START The data

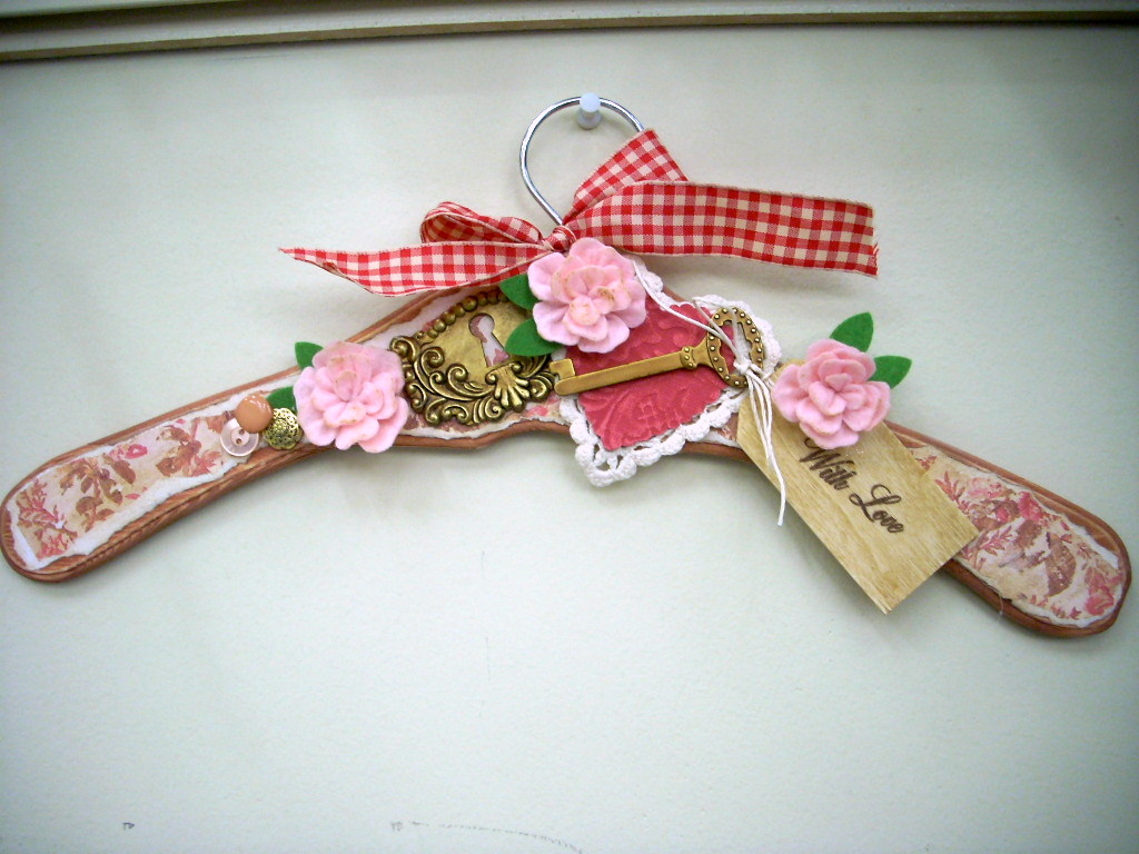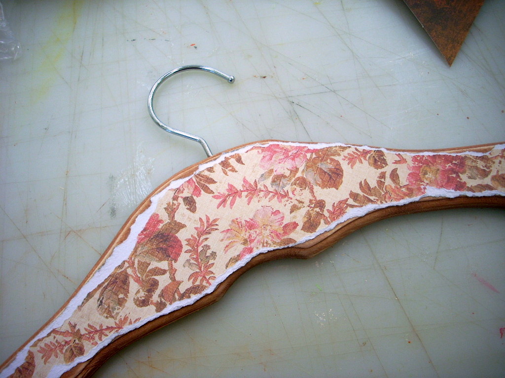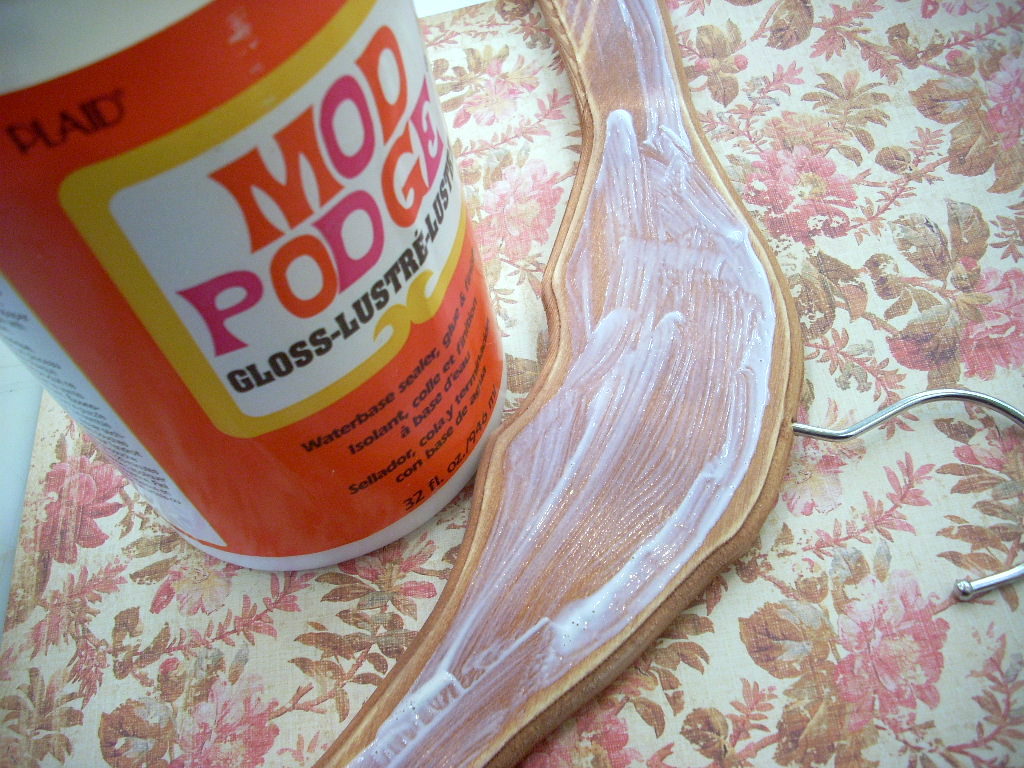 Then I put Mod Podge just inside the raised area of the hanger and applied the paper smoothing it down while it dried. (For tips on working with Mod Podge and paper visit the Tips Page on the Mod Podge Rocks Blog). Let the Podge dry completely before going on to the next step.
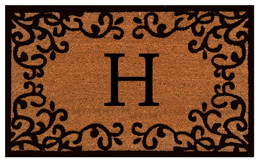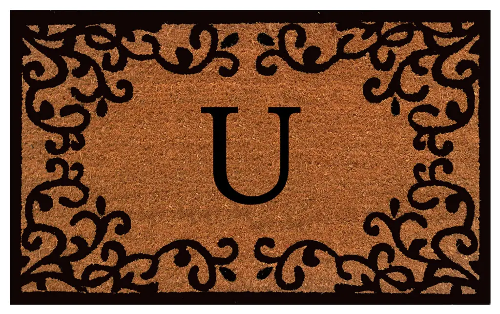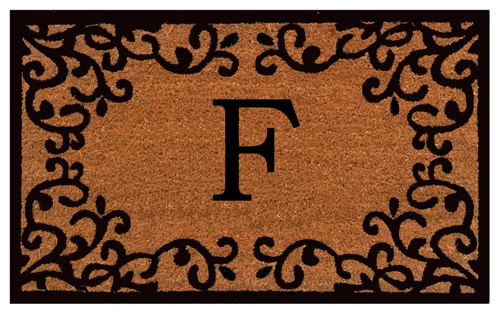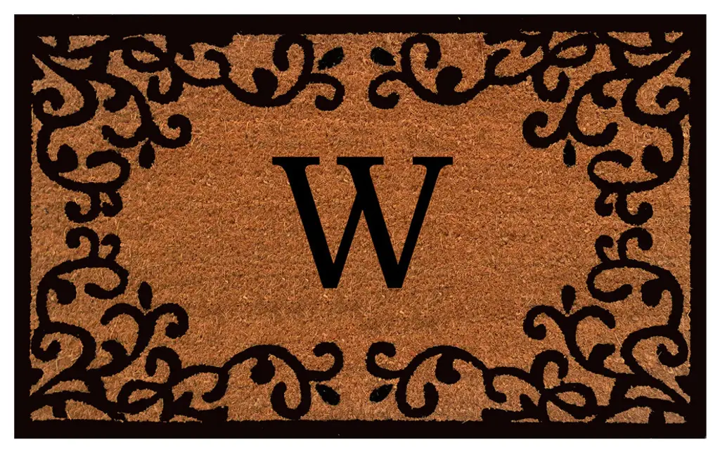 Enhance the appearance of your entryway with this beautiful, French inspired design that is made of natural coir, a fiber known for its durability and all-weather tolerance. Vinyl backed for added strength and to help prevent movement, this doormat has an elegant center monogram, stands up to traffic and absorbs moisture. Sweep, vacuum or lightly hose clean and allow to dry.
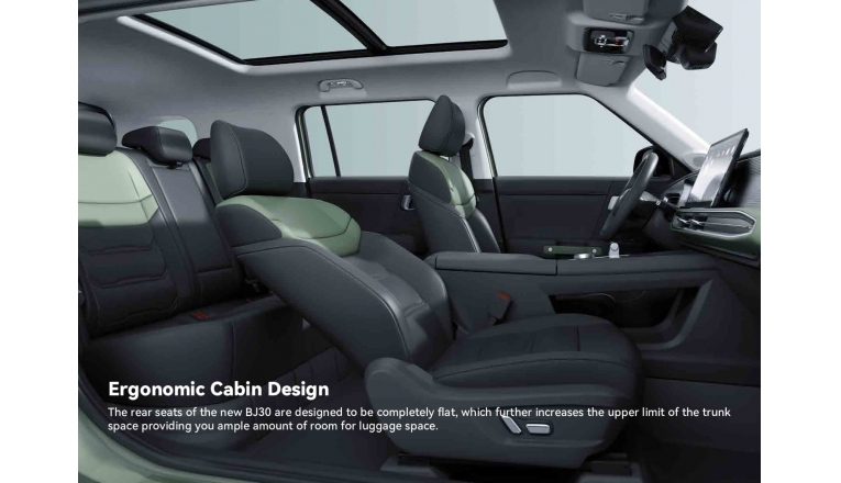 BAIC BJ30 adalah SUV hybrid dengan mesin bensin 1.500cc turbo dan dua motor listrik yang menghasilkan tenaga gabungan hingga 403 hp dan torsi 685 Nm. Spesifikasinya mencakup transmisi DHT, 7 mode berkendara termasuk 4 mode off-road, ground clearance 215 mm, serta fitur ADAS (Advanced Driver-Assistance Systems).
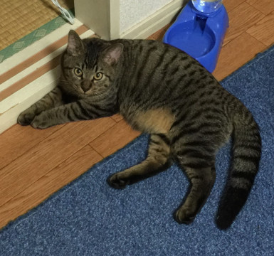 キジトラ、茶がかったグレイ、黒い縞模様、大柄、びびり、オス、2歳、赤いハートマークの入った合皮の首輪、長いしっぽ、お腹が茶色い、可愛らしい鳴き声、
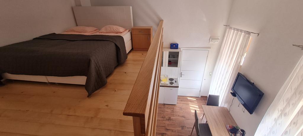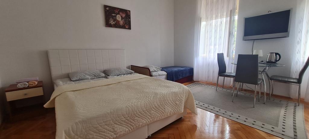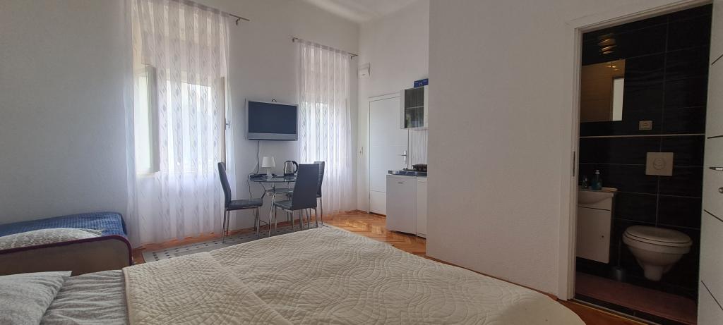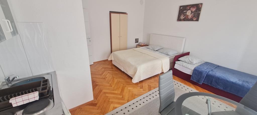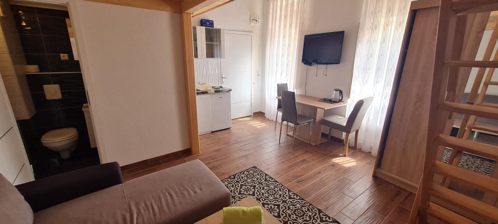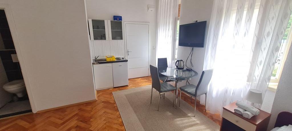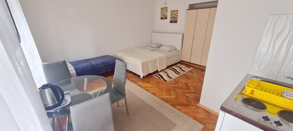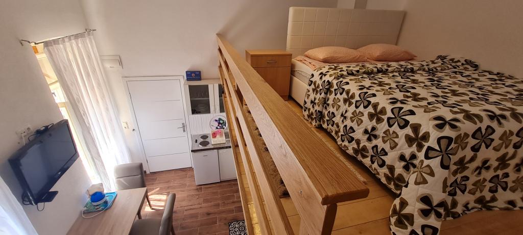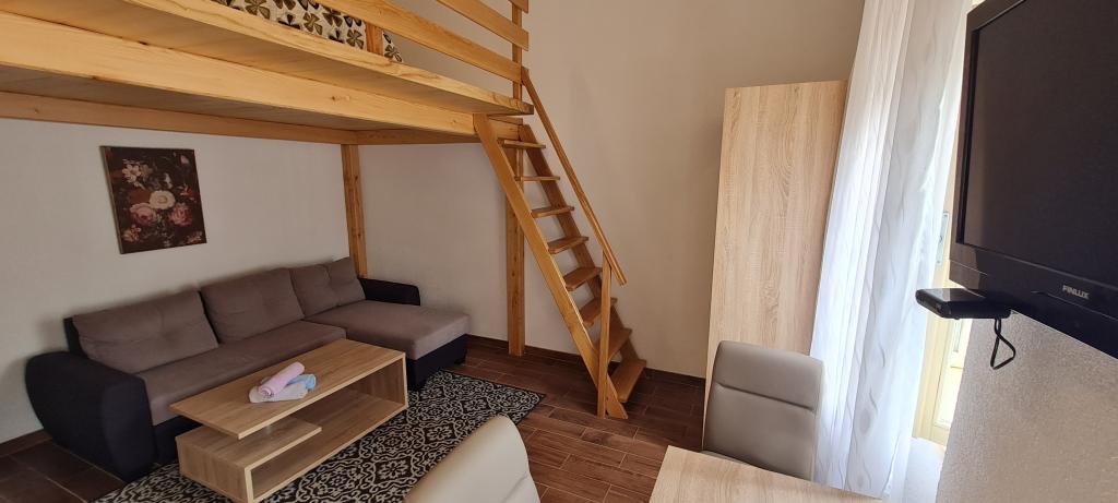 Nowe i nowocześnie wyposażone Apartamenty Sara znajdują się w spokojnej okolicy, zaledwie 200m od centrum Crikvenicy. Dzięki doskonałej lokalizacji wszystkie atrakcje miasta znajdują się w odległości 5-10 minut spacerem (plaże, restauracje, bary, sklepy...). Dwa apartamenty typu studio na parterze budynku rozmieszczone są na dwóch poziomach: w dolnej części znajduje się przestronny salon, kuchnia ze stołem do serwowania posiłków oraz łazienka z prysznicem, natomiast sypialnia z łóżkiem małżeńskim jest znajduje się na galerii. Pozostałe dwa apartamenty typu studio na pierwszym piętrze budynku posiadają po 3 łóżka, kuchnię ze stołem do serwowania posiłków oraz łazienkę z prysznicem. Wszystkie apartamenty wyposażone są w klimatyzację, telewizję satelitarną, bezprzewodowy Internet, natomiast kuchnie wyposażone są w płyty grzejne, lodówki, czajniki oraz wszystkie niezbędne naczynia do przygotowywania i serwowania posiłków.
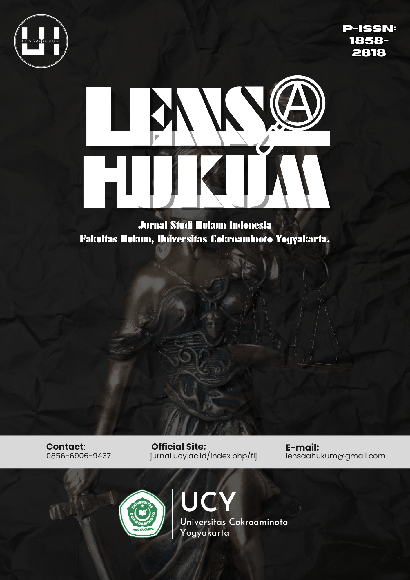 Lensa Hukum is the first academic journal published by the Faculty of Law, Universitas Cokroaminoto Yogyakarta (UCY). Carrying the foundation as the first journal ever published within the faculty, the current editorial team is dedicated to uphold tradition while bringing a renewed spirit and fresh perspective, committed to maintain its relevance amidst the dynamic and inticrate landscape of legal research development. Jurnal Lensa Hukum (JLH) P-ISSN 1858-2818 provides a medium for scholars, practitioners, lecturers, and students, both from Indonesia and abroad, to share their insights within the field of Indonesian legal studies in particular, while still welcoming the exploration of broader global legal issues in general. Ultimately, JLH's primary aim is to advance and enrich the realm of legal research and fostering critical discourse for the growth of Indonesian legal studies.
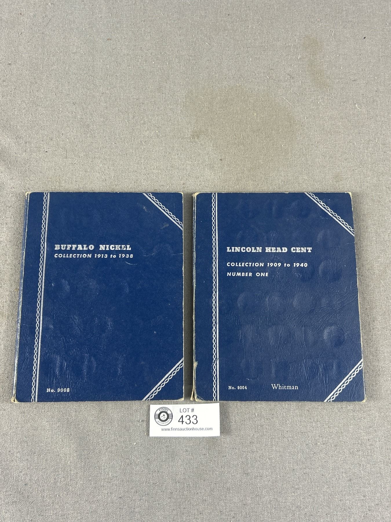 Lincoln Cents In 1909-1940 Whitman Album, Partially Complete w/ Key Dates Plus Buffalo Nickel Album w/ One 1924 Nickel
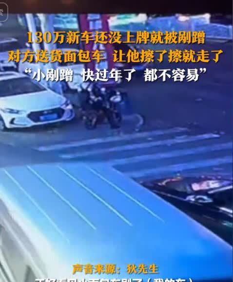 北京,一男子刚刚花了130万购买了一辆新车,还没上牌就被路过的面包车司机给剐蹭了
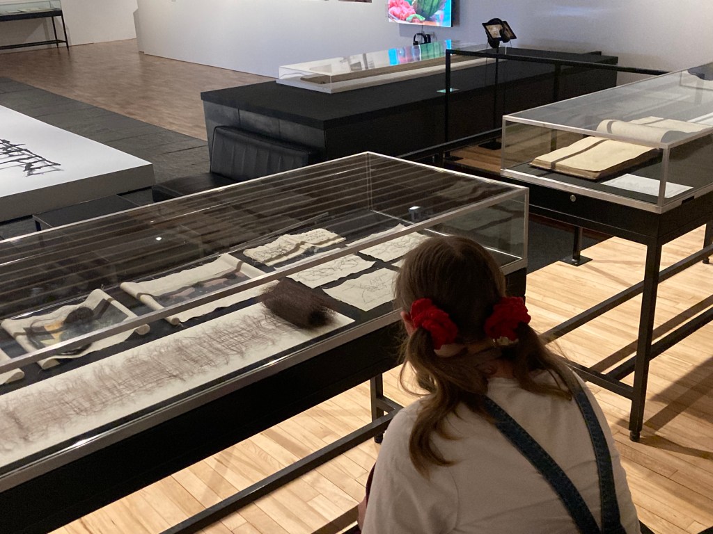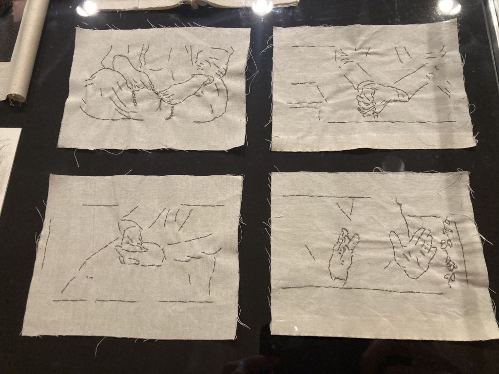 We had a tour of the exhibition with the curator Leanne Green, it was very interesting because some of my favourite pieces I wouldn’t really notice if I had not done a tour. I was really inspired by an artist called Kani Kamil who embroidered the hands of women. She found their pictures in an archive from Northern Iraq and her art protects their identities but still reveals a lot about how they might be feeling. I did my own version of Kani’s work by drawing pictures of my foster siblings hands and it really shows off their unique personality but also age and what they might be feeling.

END The data

Try it: Reproduce all of the entries exactly as they appear, though any picture they include must be omitted.

Your solution:
 Then I put Mod Podge just inside the raised area of the hanger and applied the paper smoothing it down while it dried. (For tips on working with Mod Podge and paper visit the Tips Page on the Mod Podge Rocks Blog). Let the Podge dry completely before going on to the next step.
 Enhance the appearance of your entryway with this beautiful, French inspired design that is made of natural coir, a fiber known for its durability and all-weather tolerance. Vinyl backed for added strength and to help prevent movement, this doormat has an elegant center monogram, stands up to traffic and absorbs moisture. Sweep, vacuum or lightly hose clean and allow to dry.
 BAIC BJ30 adalah SUV hybrid dengan mesin bensin 1.500cc turbo dan dua motor listrik yang menghasilkan tenaga gabungan hingga 403 hp dan torsi 685 Nm. Spesifikasinya mencakup transmisi DHT, 7 mode berkendara termasuk 4 mode off-road, ground clearance 215 mm, serta fitur ADAS (Advanced Driver-Assistance Systems).
 キジトラ、茶がかったグレイ、黒い縞模様、大柄、びびり、オス、2歳、赤いハートマークの入った合皮の首輪、長いしっぽ、お腹が茶色い、可愛らしい鳴き声、
 Nowe i nowocześnie wyposażone Apartamenty Sara znajdują się w spokojnej okolicy, zaledwie 200m od centrum Crikvenicy. Dzięki doskonałej lokalizacji wszystkie atrakcje miasta znajdują się w odległości 5-10 minut spacerem (plaże, restauracje, bary, sklepy...). Dwa apartamenty typu studio na parterze budynku rozmieszczone są na dwóch poziomach: w dolnej części znajduje się przestronny salon, kuchnia ze stołem do serwowania posiłków oraz łazienka z prysznicem, natomiast sypialnia z łóżkiem małżeńskim jest znajduje się na galerii. Pozostałe dwa apartamenty typu studio na pierwszym piętrze budynku posiadają po 3 łóżka, kuchnię ze stołem do serwowania posiłków oraz łazienkę z prysznicem. Wszystkie apartamenty wyposażone są w klimatyzację, telewizję satelitarną, bezprzewodowy Internet, natomiast kuchnie wyposażone są w płyty grzejne, lodówki, czajniki oraz wszystkie niezbędne naczynia do przygotowywania i serwowania posiłków.
 Lensa Hukum is the first academic journal published by the Faculty of Law, Universitas Cokroaminoto Yogyakarta (UCY). Carrying the foundation as the first journal ever published within the faculty, the current editorial team is dedicated to uphold tradition while bringing a renewed spirit and fresh perspective, committed to maintain its relevance amidst the dynamic and inticrate landscape of legal research development. Jurnal Lensa Hukum (JLH) P-ISSN 1858-2818 provides a medium for scholars, practitioners, lecturers, and students, both from Indonesia and abroad, to share their insights within the field of Indonesian legal studies in particular, while still welcoming the exploration of broader global legal issues in general. Ultimately, JLH's primary aim is to advance and enrich the realm of legal research and fostering critical discourse for the growth of Indonesian legal studies.
 Lincoln Cents In 1909-1940 Whitman Album, Partially Complete w/ Key Dates Plus Buffalo Nickel Album w/ One 1924 Nickel
 北京,一男子刚刚花了130万购买了一辆新车,还没上牌就被路过的面包车司机给剐蹭了
 We had a tour of the exhibition with the curator Leanne Green, it was very interesting because some of my favourite pieces I wouldn’t really notice if I had not done a tour. I was really inspired by an artist called Kani Kamil who embroidered the hands of women. She found their pictures in an archive from Northern Iraq and her art protects their identities but still reveals a lot about how they might be feeling. I did my own version of Kani’s work by drawing pictures of my foster siblings hands and it really shows off their unique personality but also age and what they might be feeling.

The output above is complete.